ASSIGNMENT | Only the lines below from the one containing "Ao final da" through the one containing "Côte d'Ivoire, Grand" belong in the answer, repeated exactly and without pictures.

Stored records:
*** Block opens ***

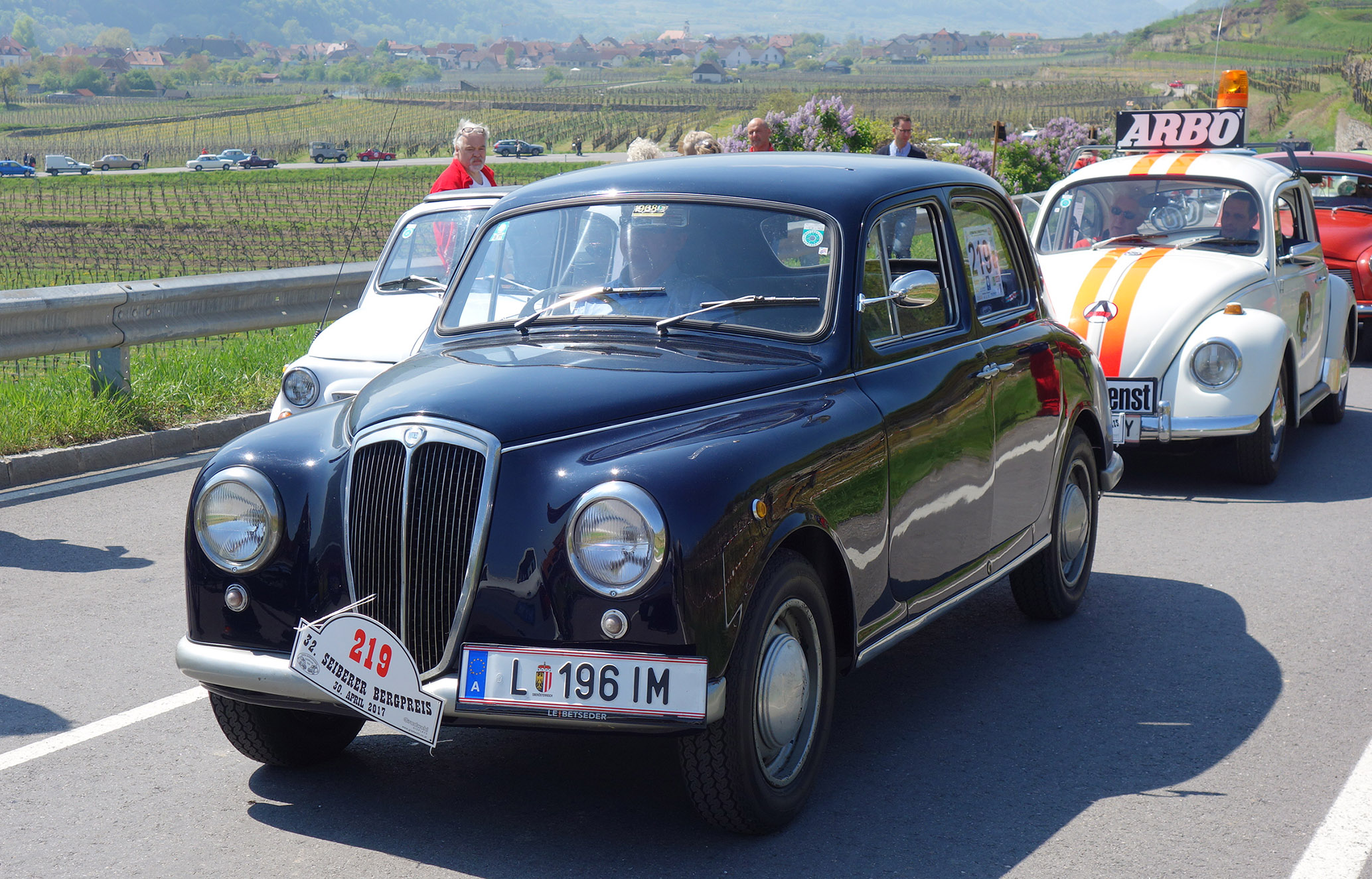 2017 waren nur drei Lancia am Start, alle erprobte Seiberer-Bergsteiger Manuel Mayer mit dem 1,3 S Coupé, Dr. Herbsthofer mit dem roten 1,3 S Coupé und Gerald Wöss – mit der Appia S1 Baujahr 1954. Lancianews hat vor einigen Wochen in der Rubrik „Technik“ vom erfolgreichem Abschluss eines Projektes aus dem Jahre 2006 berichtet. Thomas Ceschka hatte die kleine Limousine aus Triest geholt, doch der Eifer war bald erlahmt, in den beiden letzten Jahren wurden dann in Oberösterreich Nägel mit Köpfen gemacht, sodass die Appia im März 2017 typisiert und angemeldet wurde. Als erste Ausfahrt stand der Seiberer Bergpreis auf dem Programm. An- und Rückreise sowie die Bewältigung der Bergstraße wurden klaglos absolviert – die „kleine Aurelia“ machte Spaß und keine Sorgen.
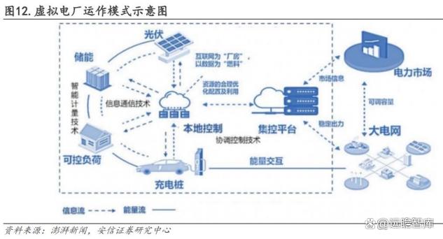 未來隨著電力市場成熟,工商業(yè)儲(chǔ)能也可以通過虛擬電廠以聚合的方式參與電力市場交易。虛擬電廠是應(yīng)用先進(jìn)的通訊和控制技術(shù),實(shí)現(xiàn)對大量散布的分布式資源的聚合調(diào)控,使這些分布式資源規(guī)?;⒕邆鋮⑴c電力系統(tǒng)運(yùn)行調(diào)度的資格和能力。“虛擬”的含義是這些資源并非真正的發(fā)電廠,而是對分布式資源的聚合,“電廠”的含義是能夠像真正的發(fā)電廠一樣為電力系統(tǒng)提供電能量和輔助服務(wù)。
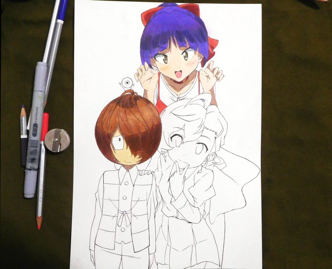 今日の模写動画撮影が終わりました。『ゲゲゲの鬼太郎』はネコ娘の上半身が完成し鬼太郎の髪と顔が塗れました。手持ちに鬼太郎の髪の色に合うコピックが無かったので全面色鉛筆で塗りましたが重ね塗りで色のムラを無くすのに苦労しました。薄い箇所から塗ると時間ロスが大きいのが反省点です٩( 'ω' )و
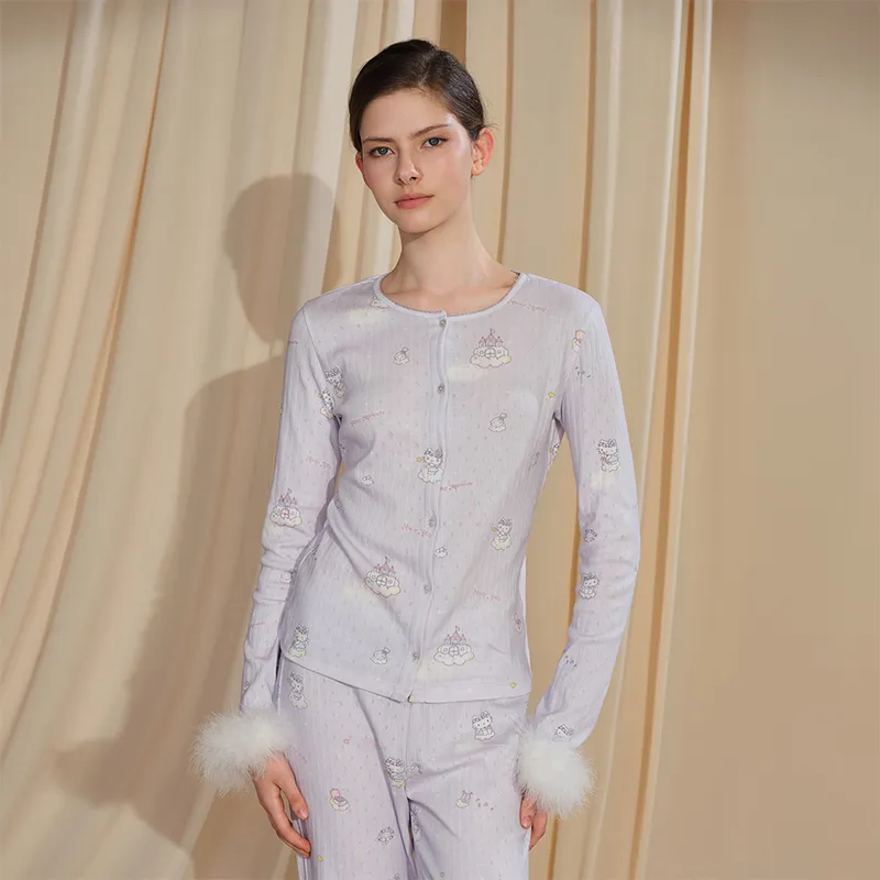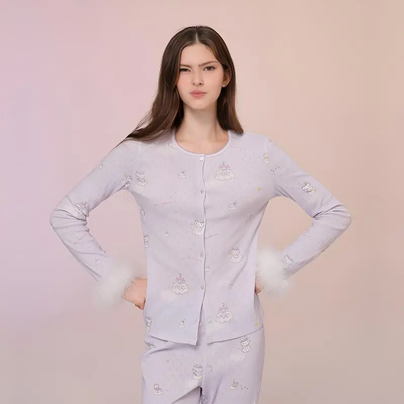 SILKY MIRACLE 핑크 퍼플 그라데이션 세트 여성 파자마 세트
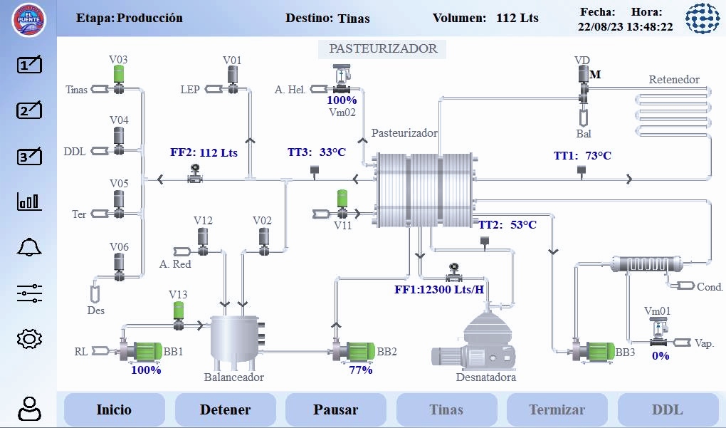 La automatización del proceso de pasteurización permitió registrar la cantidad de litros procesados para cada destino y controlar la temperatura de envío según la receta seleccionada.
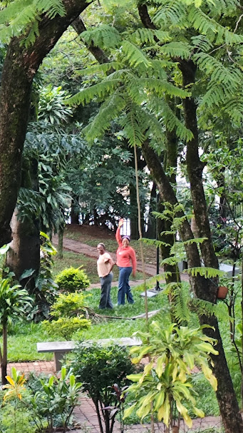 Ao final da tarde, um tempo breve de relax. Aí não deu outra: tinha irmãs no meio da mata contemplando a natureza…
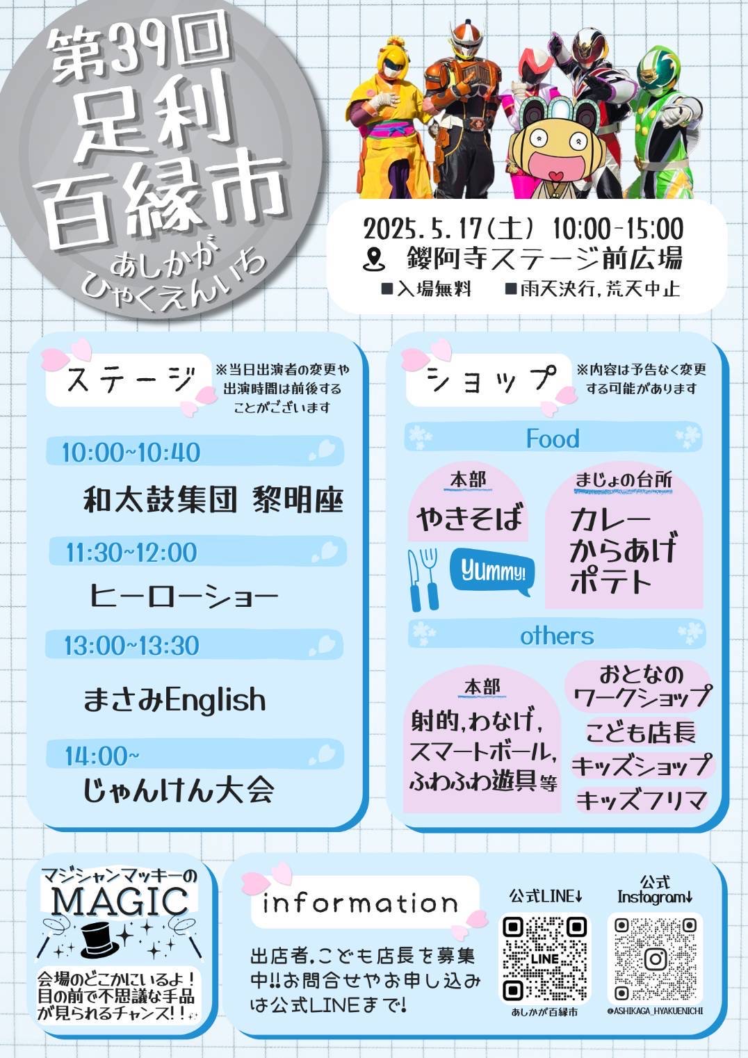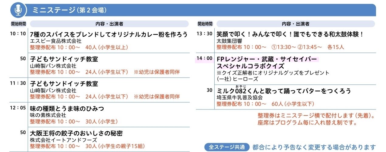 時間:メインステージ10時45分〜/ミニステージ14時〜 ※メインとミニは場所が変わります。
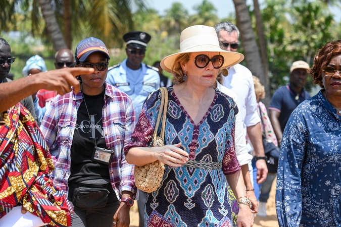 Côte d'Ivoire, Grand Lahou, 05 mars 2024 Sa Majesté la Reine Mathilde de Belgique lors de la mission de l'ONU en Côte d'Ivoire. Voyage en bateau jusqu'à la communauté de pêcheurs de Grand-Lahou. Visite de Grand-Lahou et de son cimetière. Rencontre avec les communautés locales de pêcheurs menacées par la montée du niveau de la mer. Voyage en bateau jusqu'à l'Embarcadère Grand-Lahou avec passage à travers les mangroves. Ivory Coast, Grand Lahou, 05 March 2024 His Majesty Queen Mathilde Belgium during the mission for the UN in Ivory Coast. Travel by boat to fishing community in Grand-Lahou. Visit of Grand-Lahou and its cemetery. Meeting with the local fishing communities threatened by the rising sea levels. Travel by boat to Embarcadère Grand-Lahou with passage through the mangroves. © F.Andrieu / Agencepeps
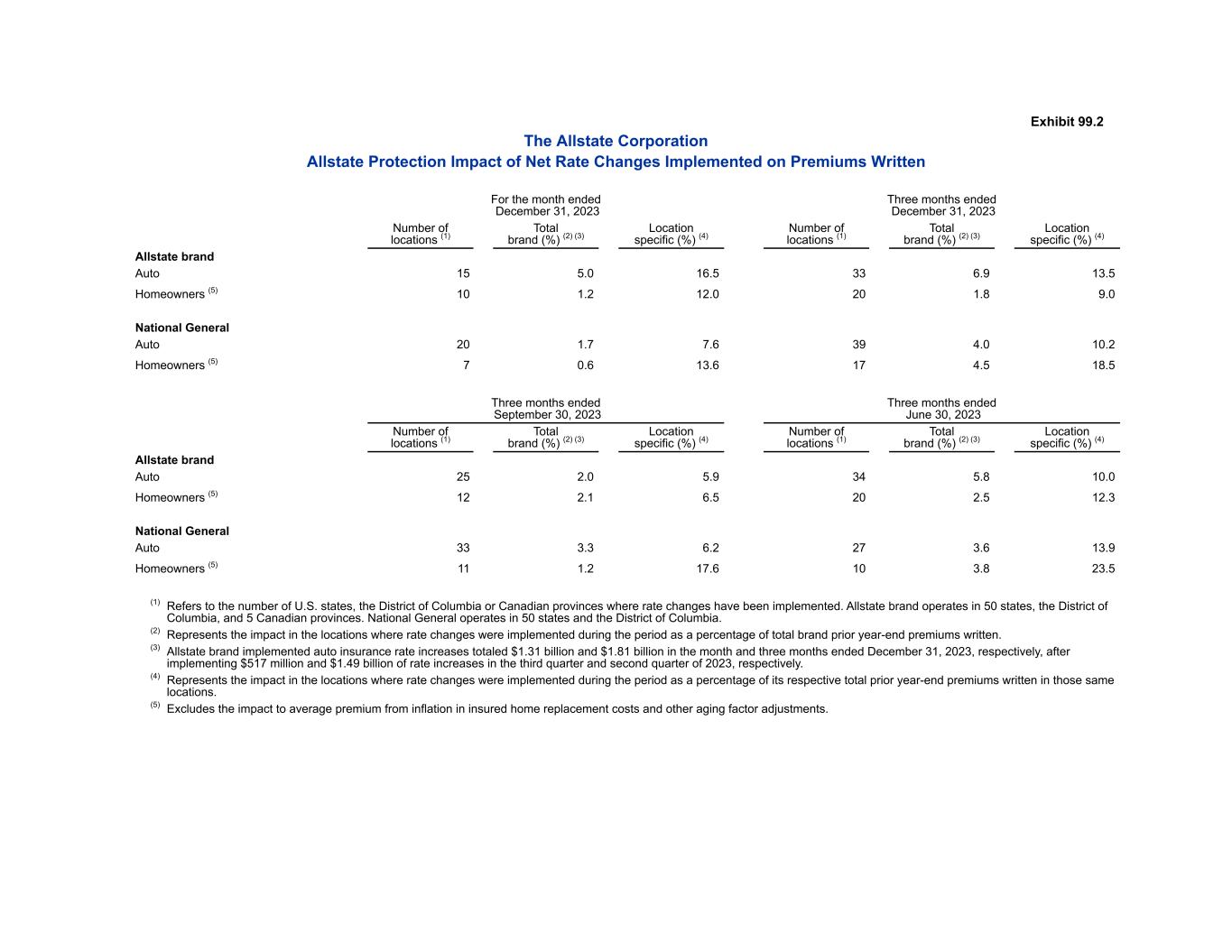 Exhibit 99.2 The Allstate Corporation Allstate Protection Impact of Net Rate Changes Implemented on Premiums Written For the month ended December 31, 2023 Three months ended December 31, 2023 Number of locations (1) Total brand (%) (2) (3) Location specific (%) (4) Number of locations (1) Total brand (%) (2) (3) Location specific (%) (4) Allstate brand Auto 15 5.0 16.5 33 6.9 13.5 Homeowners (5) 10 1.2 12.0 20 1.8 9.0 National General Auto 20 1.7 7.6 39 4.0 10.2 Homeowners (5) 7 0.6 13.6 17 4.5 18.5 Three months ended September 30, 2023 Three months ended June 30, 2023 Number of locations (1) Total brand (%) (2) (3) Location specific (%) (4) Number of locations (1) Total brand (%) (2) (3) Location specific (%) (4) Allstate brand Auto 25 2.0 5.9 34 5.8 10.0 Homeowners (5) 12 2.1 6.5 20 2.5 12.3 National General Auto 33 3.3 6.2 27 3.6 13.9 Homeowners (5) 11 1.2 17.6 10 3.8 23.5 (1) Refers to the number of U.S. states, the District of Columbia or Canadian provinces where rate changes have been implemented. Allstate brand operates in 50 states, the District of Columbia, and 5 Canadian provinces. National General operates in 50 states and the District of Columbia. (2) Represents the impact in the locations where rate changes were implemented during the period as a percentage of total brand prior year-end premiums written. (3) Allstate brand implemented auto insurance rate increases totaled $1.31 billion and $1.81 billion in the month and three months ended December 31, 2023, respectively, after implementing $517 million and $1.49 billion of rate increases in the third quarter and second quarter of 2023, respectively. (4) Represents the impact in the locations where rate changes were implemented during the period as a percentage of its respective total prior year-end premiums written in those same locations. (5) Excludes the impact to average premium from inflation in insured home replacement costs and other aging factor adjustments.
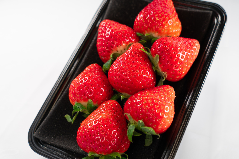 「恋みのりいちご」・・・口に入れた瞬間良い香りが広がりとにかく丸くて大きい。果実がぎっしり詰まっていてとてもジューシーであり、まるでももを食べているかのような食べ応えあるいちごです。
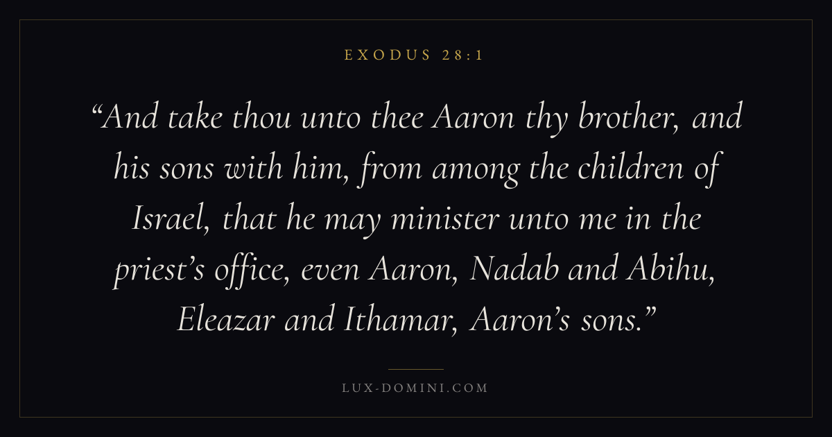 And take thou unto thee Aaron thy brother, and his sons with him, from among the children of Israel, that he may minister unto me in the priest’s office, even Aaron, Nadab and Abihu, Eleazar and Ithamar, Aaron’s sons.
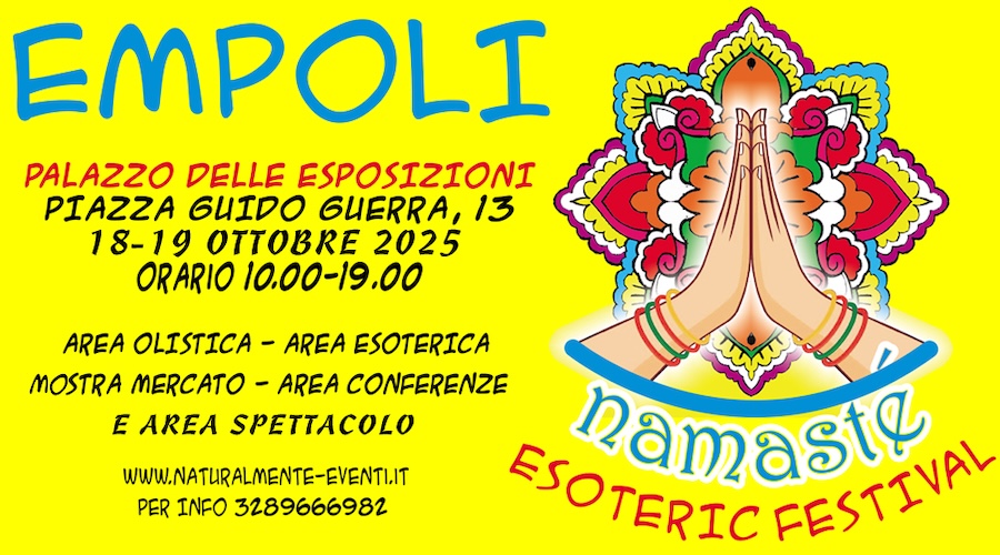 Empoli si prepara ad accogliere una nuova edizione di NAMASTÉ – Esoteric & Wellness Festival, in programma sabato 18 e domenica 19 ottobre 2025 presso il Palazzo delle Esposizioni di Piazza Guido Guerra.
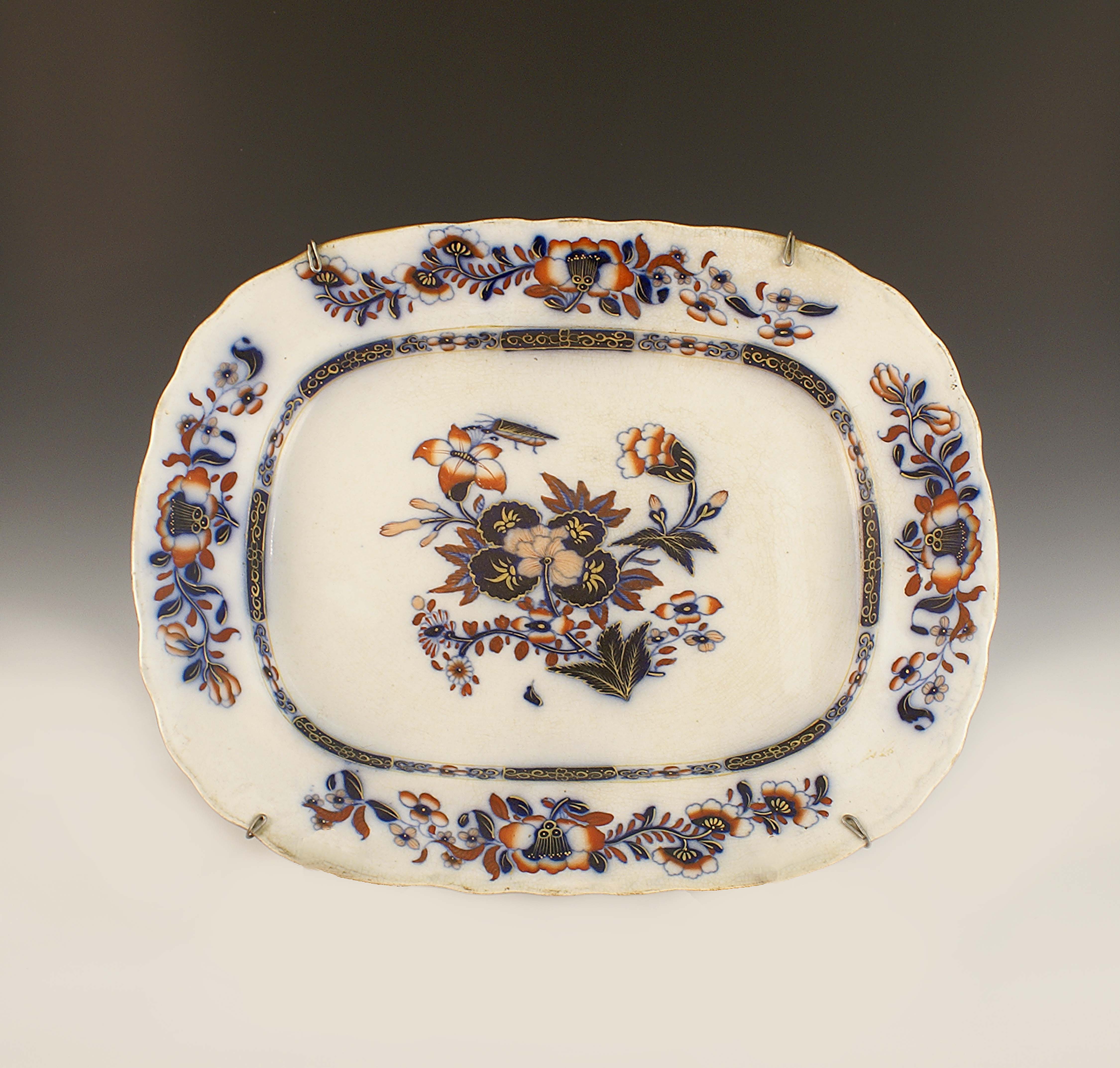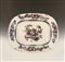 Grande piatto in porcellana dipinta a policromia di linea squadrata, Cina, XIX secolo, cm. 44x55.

*** Block closes ***

RESULT FOR THIS TASK |
 Ao final da tarde, um tempo breve de relax. Aí não deu outra: tinha irmãs no meio da mata contemplando a natureza…
 時間:メインステージ10時45分〜/ミニステージ14時〜 ※メインとミニは場所が変わります。
 Côte d'Ivoire, Grand Lahou, 05 mars 2024 Sa Majesté la Reine Mathilde de Belgique lors de la mission de l'ONU en Côte d'Ivoire. Voyage en bateau jusqu'à la communauté de pêcheurs de Grand-Lahou. Visite de Grand-Lahou et de son cimetière. Rencontre avec les communautés locales de pêcheurs menacées par la montée du niveau de la mer. Voyage en bateau jusqu'à l'Embarcadère Grand-Lahou avec passage à travers les mangroves. Ivory Coast, Grand Lahou, 05 March 2024 His Majesty Queen Mathilde Belgium during the mission for the UN in Ivory Coast. Travel by boat to fishing community in Grand-Lahou. Visit of Grand-Lahou and its cemetery. Meeting with the local fishing communities threatened by the rising sea levels. Travel by boat to Embarcadère Grand-Lahou with passage through the mangroves. © F.Andrieu / Agencepeps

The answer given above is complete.